FIG. 2 is the logic and steps of sample thumbnail classification.
FIG. 3 is a schematic diagram of an optimal channel selection method when the image is a color image.
Detailed Description
The invention will now be described in further detail with reference to the drawings and preferred embodiments. These drawings are simplified schematic views illustrating only the basic structure of the present invention in a schematic manner, and thus show only the constitution related to the present invention.

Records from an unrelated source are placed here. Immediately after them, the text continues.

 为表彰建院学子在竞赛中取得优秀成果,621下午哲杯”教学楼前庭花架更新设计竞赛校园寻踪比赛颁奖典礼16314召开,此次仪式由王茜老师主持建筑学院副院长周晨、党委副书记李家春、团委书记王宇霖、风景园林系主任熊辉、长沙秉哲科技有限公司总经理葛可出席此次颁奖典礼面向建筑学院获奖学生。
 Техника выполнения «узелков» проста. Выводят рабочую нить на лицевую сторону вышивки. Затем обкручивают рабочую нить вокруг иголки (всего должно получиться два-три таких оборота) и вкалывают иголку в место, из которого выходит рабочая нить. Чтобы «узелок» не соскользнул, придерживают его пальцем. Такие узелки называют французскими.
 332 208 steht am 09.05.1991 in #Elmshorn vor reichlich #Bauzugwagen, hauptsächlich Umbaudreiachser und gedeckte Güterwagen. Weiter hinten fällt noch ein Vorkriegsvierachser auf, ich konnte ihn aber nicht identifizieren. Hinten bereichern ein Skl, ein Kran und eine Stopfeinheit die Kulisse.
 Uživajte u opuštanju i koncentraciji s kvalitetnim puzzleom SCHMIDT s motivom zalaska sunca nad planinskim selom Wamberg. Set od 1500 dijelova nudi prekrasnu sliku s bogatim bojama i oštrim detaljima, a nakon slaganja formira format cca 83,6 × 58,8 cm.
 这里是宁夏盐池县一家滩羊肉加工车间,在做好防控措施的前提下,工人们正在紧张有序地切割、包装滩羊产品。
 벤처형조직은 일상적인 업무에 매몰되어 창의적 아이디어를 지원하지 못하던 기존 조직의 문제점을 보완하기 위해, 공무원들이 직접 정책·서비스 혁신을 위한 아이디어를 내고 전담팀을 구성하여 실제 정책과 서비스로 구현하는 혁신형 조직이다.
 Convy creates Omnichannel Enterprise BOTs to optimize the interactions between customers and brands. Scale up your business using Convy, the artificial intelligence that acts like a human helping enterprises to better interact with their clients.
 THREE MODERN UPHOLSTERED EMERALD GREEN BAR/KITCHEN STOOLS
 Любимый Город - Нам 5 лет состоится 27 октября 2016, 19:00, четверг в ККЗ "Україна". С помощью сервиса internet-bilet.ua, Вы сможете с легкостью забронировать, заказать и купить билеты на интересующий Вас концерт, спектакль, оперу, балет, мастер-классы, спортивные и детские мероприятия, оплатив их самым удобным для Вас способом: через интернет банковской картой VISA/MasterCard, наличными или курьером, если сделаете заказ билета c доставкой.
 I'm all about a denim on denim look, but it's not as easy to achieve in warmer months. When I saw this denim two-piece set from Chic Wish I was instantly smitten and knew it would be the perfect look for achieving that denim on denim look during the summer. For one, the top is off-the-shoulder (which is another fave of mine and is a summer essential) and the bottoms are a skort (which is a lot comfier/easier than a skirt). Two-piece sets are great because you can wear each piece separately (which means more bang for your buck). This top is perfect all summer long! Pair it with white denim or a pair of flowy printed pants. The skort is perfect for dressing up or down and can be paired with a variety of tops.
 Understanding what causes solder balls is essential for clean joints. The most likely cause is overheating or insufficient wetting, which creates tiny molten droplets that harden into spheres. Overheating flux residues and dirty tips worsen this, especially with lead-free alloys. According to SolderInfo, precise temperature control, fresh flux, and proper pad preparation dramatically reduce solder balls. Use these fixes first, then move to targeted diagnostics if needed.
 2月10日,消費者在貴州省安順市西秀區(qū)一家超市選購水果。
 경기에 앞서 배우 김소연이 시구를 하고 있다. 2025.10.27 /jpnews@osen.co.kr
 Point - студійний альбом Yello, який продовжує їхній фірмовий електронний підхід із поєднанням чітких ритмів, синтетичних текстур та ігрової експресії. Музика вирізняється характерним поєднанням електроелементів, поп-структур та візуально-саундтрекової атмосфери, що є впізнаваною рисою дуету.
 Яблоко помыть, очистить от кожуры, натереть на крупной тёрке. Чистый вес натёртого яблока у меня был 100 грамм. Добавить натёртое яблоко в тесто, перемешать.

A general method for automatic equalization of deep learning positive samples as shown in fig. 1-3, comprises the steps of,
s1, numbering a plurality of images respectively collected on a plurality of machines to form a sample subset, and determining the sequence of traversing all the images according to the distribution of the sample subset;
s2, selecting the best channel for the image;
s3, performing sliding window screenshot on the optimal channel, calculating the attribute of each small image obtained by screenshot, and classifying according to the attribute;
s4, determining the number of the small images intercepted from each large image according to the distribution of the sample subsets and the total number of the required samples;
s5, according to the quantity ratio of the classification, suppressing the classification with low relative contrast in the classification with low contrast, increasing the classification with high relative contrast and the classification with high contrast in the classification with low contrast according to an enhancement strategy, and finally determining the quantity of each small graph intercepted on each large graph;
s6, determining the required number of each type of small images in each large image, selecting the small images obtained by sliding a window on the optimal channel according to a connected domain balance selection strategy, mapping the screenshot window to the original image of the large image, and cutting the small images at the window positions on the original image to be used as samples;
s7, sending the obtained sample consistent with the demand number into a neural network for training, and sending the sample into the neural network for training;
and S8, selecting a small picture from all the small pictures which are not selected according to the established completion strategy so as to reach the required sample number.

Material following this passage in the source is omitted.